Kadee told me before that Kai was one of the few people to survive living among the sick ones. What did it do to her? And what happened when she was with the Sisters?
I catch the sounds of people moving through the trees toward the clearing, and I jump to my feet. I allow myself a flash of hope, but from their slow steps and the silence of the anuna around me, I can tell they don’t have the children. Desperate for some kind of comfort, I clasp the wooden bird that glides at my throat, the pendant Peree carved for me as a sign of his devotion.
It’s a relief when he finally hugs me to him, smelling of salt and bitter sadness. He takes my hands in his, rubbing gently to warm them. I shouldn’t be this cold. It’s late in the summer, nearly fall, but the temperature is still mild in the afternoon. It’s the shock. The clearing feels weighted down with it.

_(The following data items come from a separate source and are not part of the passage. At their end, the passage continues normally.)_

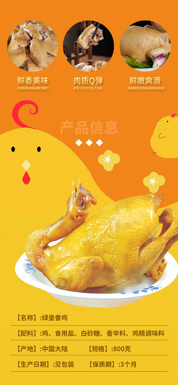 【开平优品】绿皇食品 香鸡(五指毛桃) 800g*1只(【仅发广东省内】
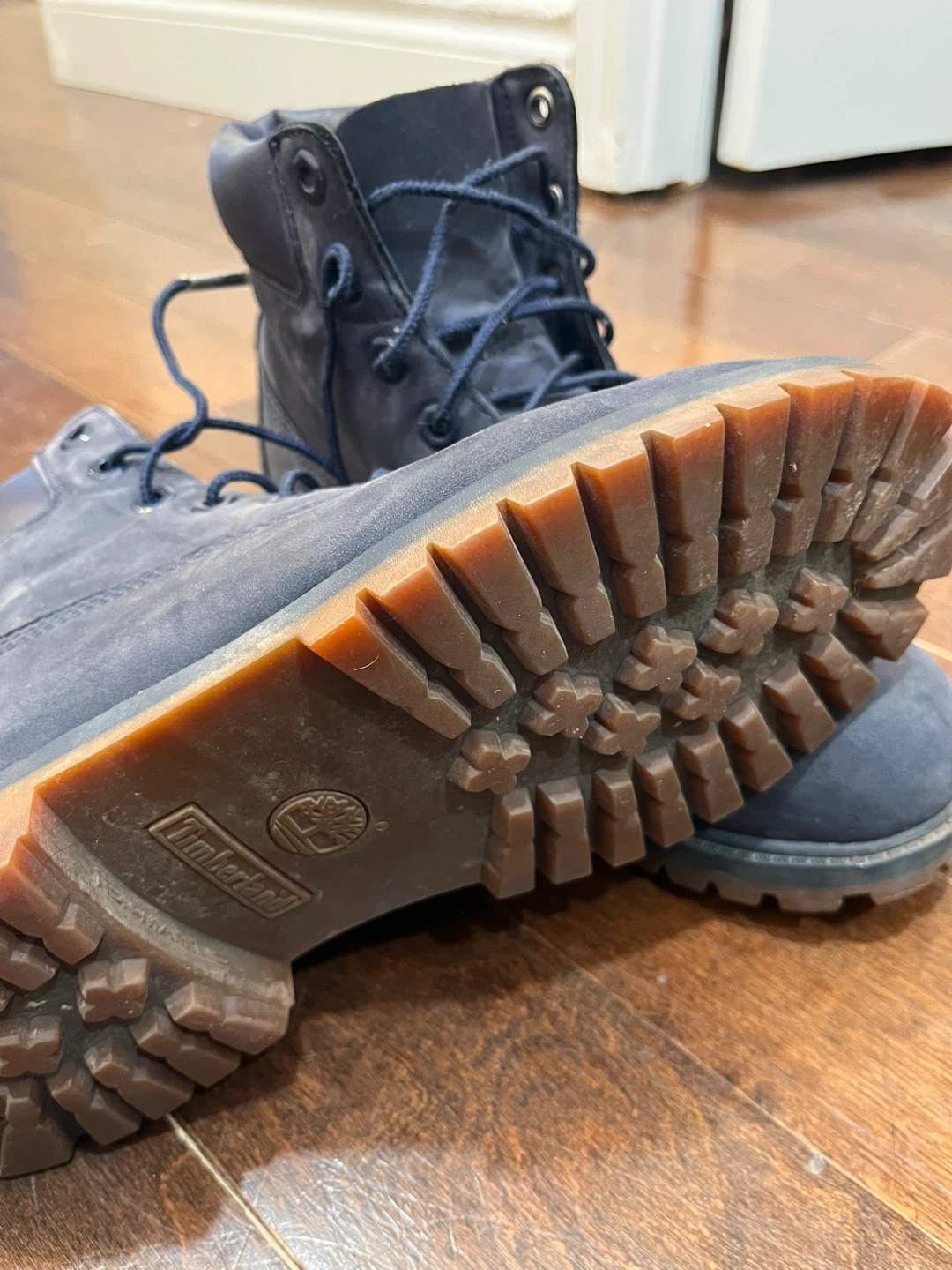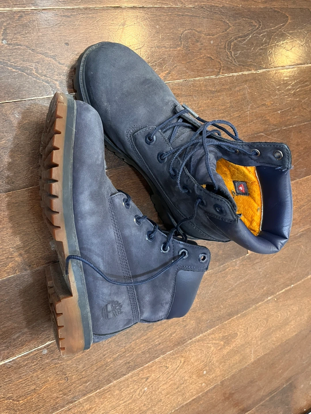 Selling a pair of Timberland boots in a lovely blue nubuck leather! They are a size 38. These boots are durable and stylish, perfect for everyday wear. They have some signs of wear, but are still in good condition and ready for a new home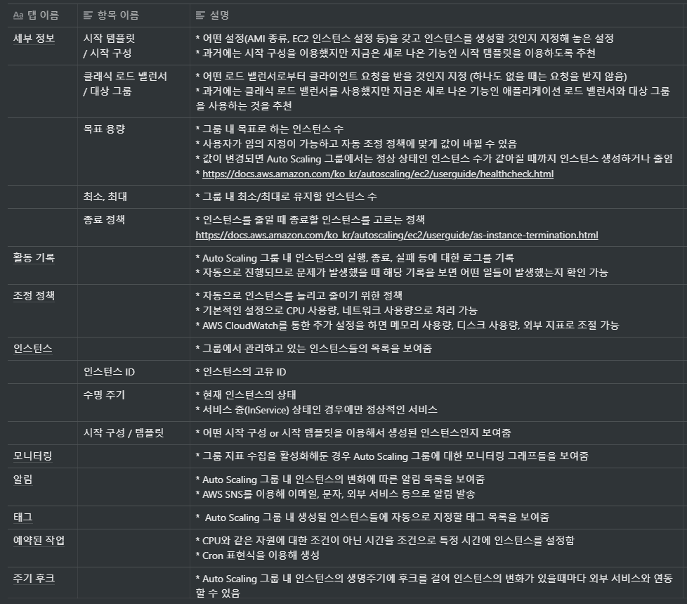 ㅁ Auto Scaling Group 각 항목에 대한 설명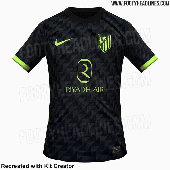 這款球衣在深色底衫上加入了微妙的幾何紋理,由重復三角形組成,形成現(xiàn)代感的鋸齒效果,胸部與袖子均有延展。黑色圓領簡約大方,袖口和側面面板使用熒光綠色邊飾,與耐克Logo、贊助商Riyadh Air以及馬競徽章的熒光綠相呼應,整體呈現(xiàn)高度統(tǒng)一的單色美感。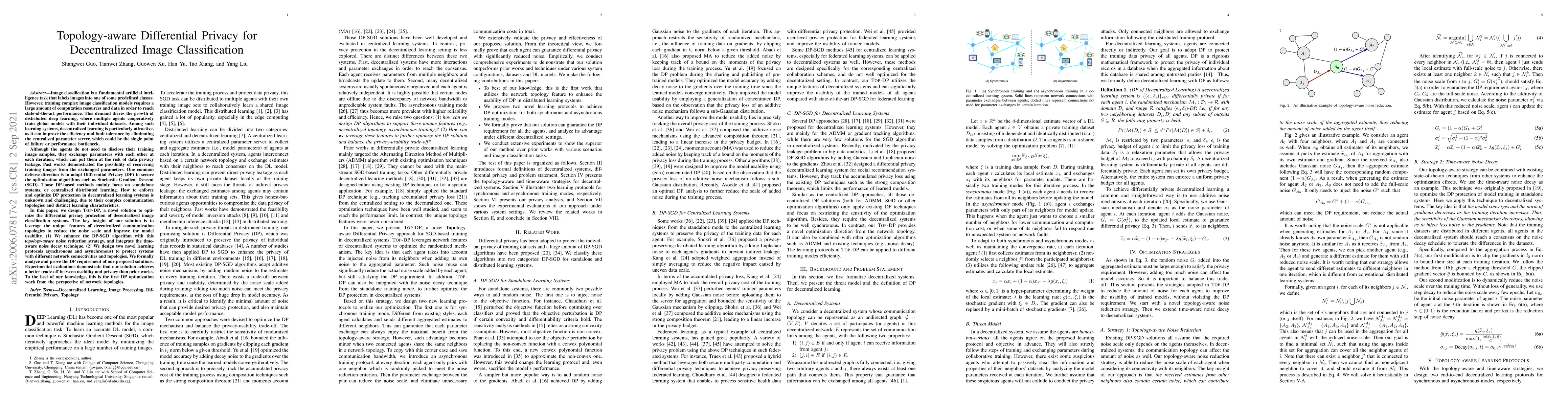 This paper introduces Top-DP, a novel differential privacy optimization for decentralized image classification, leveraging topology-aware noise reduction and time-aware decay techniques. The proposed solution enhances DP-SGD and provides synchronous and asynchronous learning protocols, achieving a better balance between privacy and usability.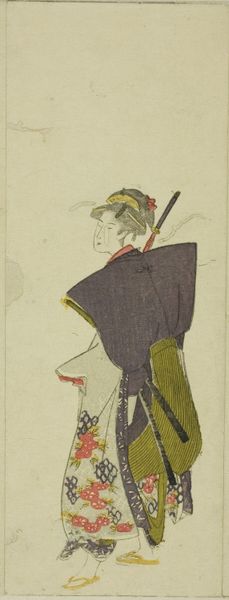 Utagawa Toyohiro created this woodblock print, now at the Art Institute of Chicago, depicting a figure in elaborate attire. This is no mere portrait, but a performance, rich with symbolic inversions. The swords, those potent emblems of samurai authority, are now wielded by someone unexpected, subverting established hierarchies. This playful disruption echoes in festivals of misrule, like the Roman Saturnalia, where societal norms were gleefully overturned. Consider the image of the fool, adorned with bells and motley, a figure who, through jest, reveals profound truths. Similarly, this figure inverts expectations, perhaps critiquing the very structures of power they mimic. Such inversions are not merely humorous; they tap into a collective yearning to challenge the status quo. It is a symbolic act of defiance, inviting us to question the established order. This playful subversion engages us on a deep level, reminding us that symbols are never fixed but always in flux, their meanings shaped by the ever-changing currents of culture.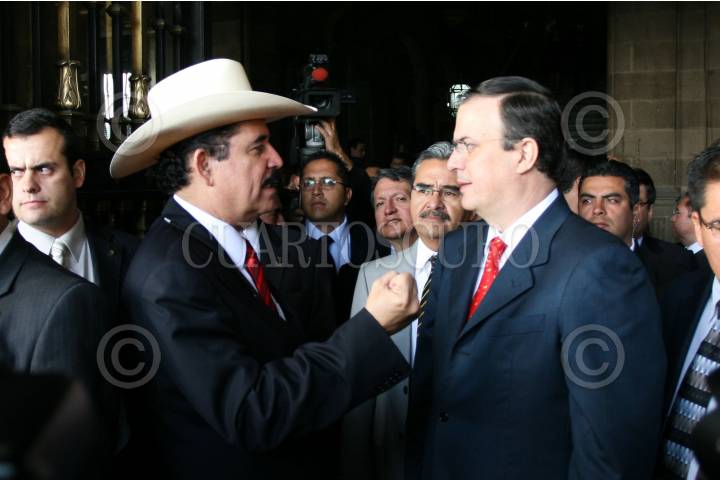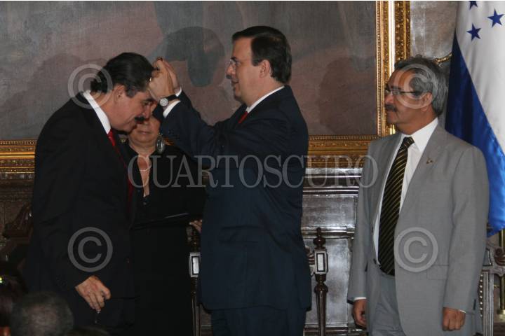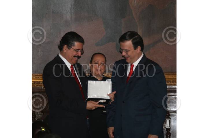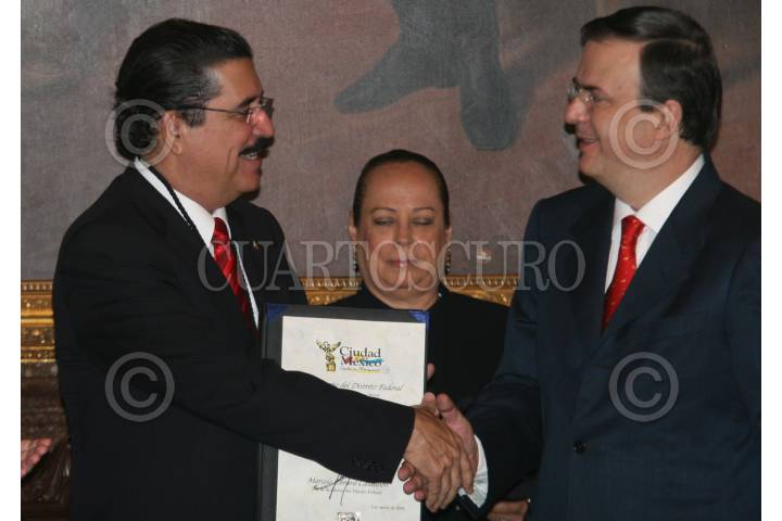 MÉXICO D.F., 05AGOSTO2009.- José Manuel Zelaya, Presidente depuesto de Honduras, acudió esta mañana a las instalaciones del Gobierno del Distrito Federal donde fue recibido por Marcelo Ebrad Casaubón, jefe de gobierno, quien le entrego las llaves de la ciudad una medalla y el pergamino que lo acredita como huésped distinguido de esta ciudad. FOTO: GUILLERMO PEREA /CUARTOSCURO.COM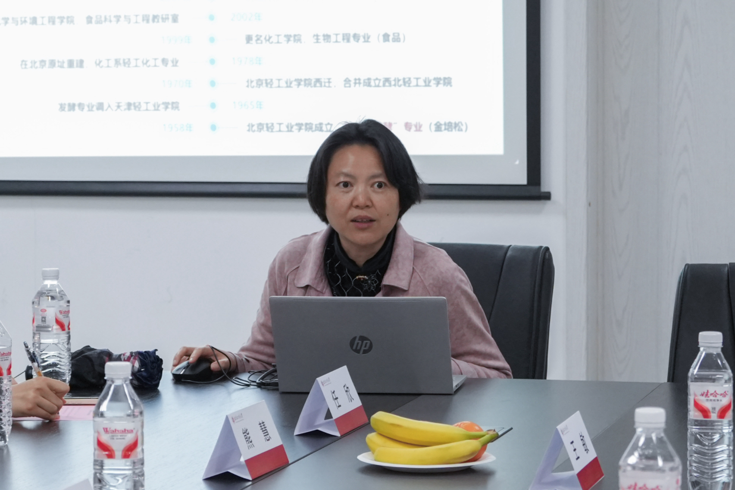 郑喜姣代表公司致辞,对怀柔区人力社保局和市场监督管理局积极带企入校表示欢迎和感谢,并希望能够进一步加深与怀柔区政府和企业的交流与合作,实现人才培养和服务首都地方发展的共赢。熊慧从员工概况、人才培养、科学研究、团队建设、教学提升、社会服务、毕业生去向等方面向来访单位介绍了公司的基本情况,希望今后与怀柔区政府建立更加密切的联系。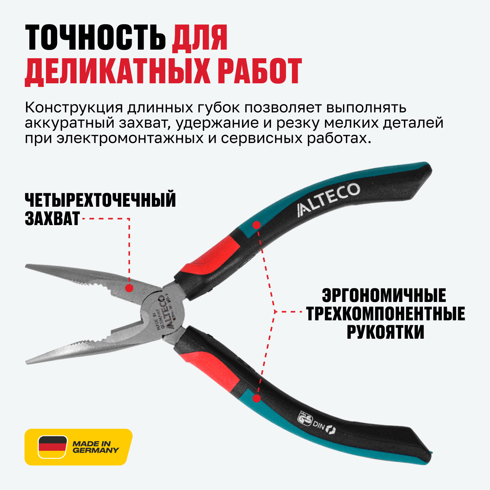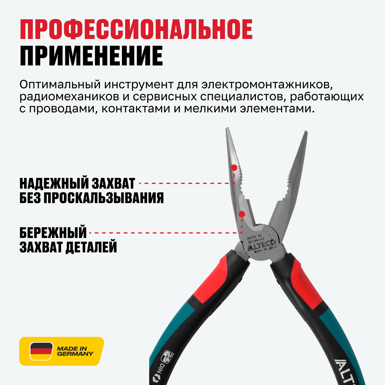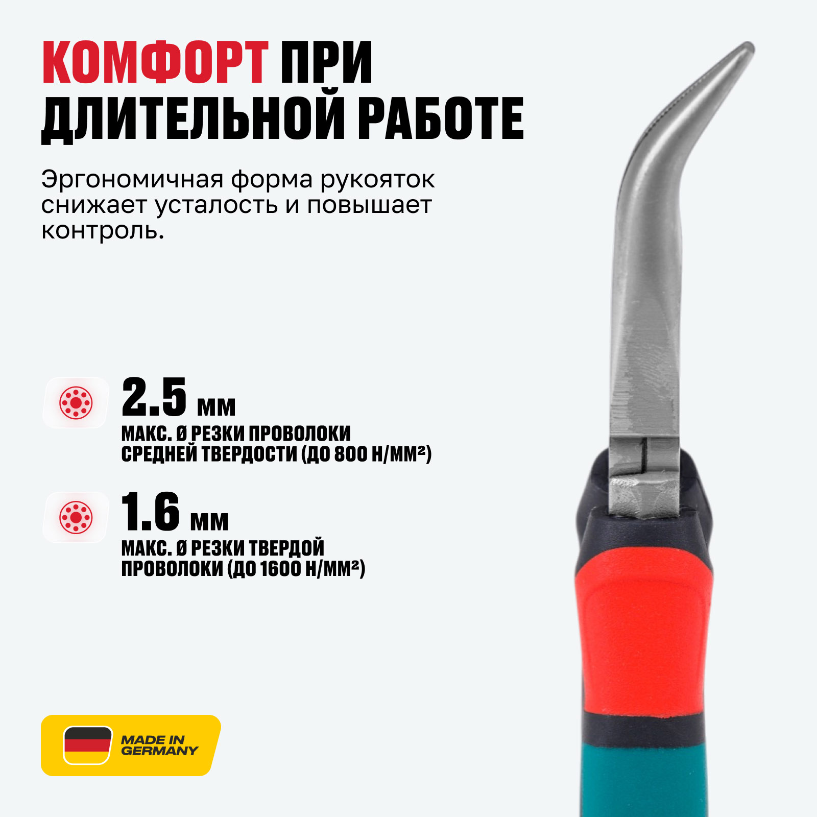 - Точность для деликатных работ — конструкция длинных губок позволяет выполнять аккуратный захват, удержание и резку мелких деталей при электромонтажных и сервисных работах.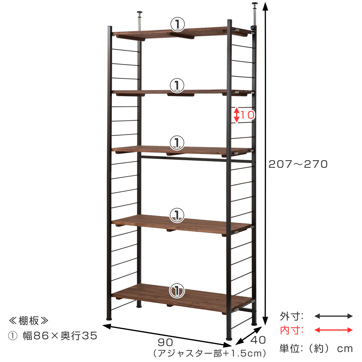| サイズ | 約 幅90×奥行40×高さ207~270(cm) |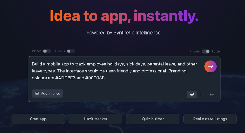 From there, users can continue prompting the AI using a chat box to make changes to the output, all through a simple visual editor. All apps come complete with a backend, database, and hosting, and the user fully owns all code created.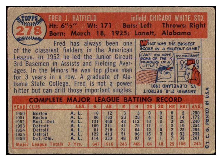 1957 Topps Baseball #278 Fred Hatfield White Sox VG 527612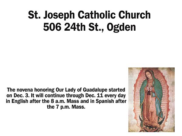 The novena honoring Our Lady of Guadalupe started on Dec. 3 and will continue through Friday, Dec. 11 with a rosary at 7 p.m. and Mass at 7:30 p.m. nightly. On Friday, Dec. 11, there will be Adoration of the Blessed Sacrament from 7 to 9 p.m., followed by Mass and serenade. On Saturday, Dec. 12, Mass will be at 11 a.m.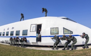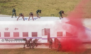 广西新闻网桂林11月22日讯(通讯员 秦可 余海洋)11月22日,武警广西总队桂林支队20多名特战官兵全副武装,开展动车反劫持实战演练。据悉,该支队通过设置复杂情况下的实战化演练,不断锤炼特战队员遂行多样化任务能力。
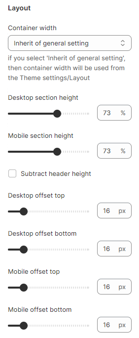 Container width- a container width of the section. If the “Inherit” value is selected then the container width is based on the group 'Layout' settings in the Theme settings;Desktop section height- the setting is responsible for the height of the section for the desktop;Mobile section height- the setting is responsible for the height of the section for mobile;Subtract header height- the setting is responsible for subtracting the header height from the slideshow size. This will be useful when you set the slideshow size to 100% and turn on the setting, then you will fit the announcement bar, header, and slideshow on one screen;Desktop offset top- top indent of the section on the desktop;Desktop offset bottom- bottom indent of the section on the desktop;Mobile offset top- top indent of the section on the mobile;Mobile offset bottom- bottom indent of the section on the mobile.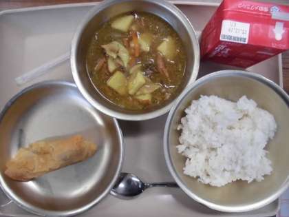 今日の給食の献立は,「麦ご飯」「カレーあんかけご飯の具」「春巻」「牛乳」です。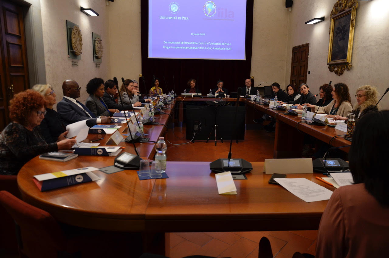 È un accordo quadro e di rilievo strategico quello firmato martedì 18 aprile in Rettorato tra l’Università di Pisa e l’Istituto Italo-Latino Americano (IILA), l’organizzazione intergovernativa fondata nel 1966 di cui fanno parte l’Italia e le venti Repubbliche dell’America Latina, che rappresenta uno dei principali strumenti di dialogo politico tra Italia, Europa e America Latina. Il documento è stato firmato dal rettore Riccardo Zucchi e da Antonella Cavallari, segretario generale dell’IILA, alla presenza dei rappresentanti delle ambasciate latinoamericane di Cile, Colombia, Costa Rica, Cuba e Haiti, del prorettore per la Cooperazione e le Relazioni Internazionali, Giovanni Federico Gronchi, e di alcuni docenti e personale dello staff dell’ufficio Internazionale.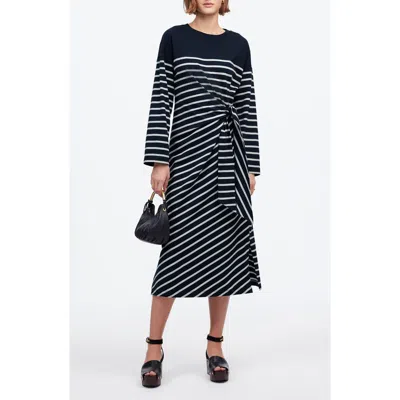 Stripe Side Tie Long Sleeve Knit Maxi Dress In Dark Navy
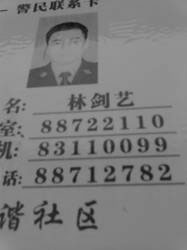 还有两个恶警,从2011年开始,杨世芬被绑架的时候,每次到杨世芬家中骚扰,都有他们的身影,其中恶警林剑艺已经调到石狮市宝盖镇派出所,据悉,杨世芬的死,他应该知情;另一个是新任的610国保大队长,是个男的,是替换曾经的国保大队杨春风。当然石狮市宝盖镇派出所的局长也有责任。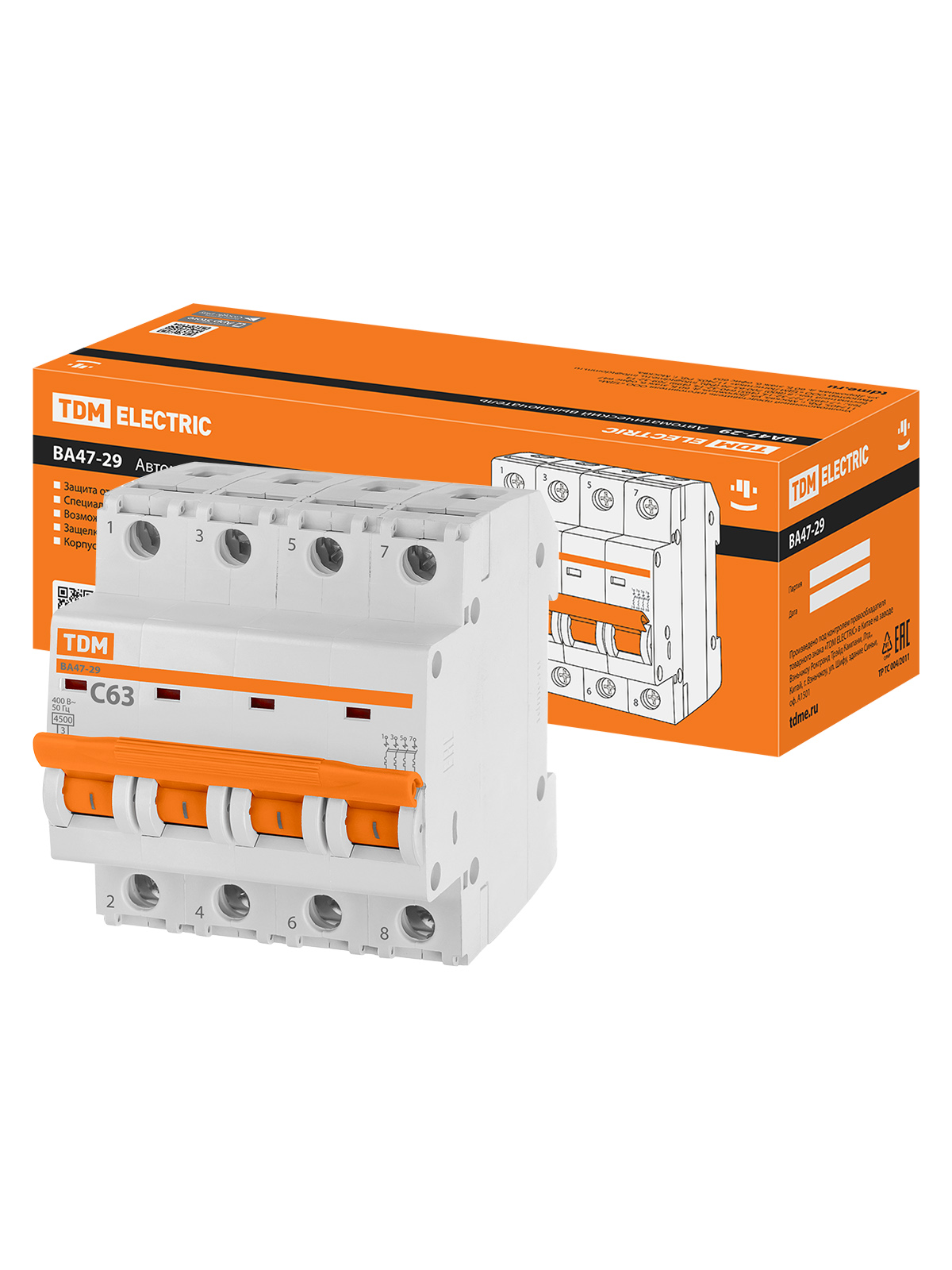 Наименование: Авт. выкл.ВА47-29 4Р 63А 4,5кА х-ка С TDM
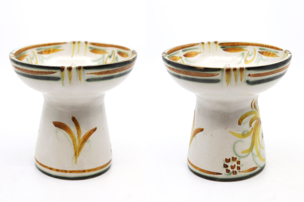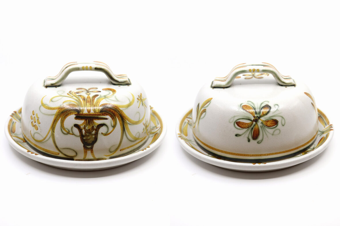 Plateau à fromage et sa cloche en grès émaillé à décor polychrome de fleurs stylisées.

“We lost them.” Derain’s voice buckles with grief. “They left one woman behind to fend us off with her arrows, and then she slipped away in the shadows of the branches, moving like the wind. We searched, but we couldn’t find them again.”
“Then we have no time to lose,” Nerang says. “A search party will leave as soon as possible. Who will go?”
There are a few declarations from the group. I hear Derain, and a woman’s high voice, like birdsong, that I think belongs to Amarina. I worked with her in the gardens. She sounds as breakable as a thin stalk of the maidengrass that grew around our water hole at home, but Kadee told me she’s a skilled tracker and woodswoman who can coax fire out of little more than a handful of damp kindling.
“My brothers and me are going for sure,” Moray growls. I don’t trust them much, but they’re tough and cunning. We need whoever can help bring Frost and the children home.
“I’ll go.” My voice is strong, decided. I feel better for saying the words.
Peree squeezes my shoulders. “I will, too.”
I’m afraid to enter an unfamiliar forest, chasing after a group of kidnapping warrior women. I’m no fighter.
But I want to go for Kora and her family. They were the first to befriend Peree and me when we washed up in Koolkuna, helpless as babies.
I want to go for Thrush, Moon, and Petrel. I know all too well how it feels to lose a brother.
I want to go for Frost. Pregnant and afraid, she risked her father, Osprey’s, rage to free Eland and me when we were trapped in the Lofty trees.
I want to go for Nerang, who saved our lives, and for the anuna, who took us in, even if some might unfairly blame us for this tragedy now.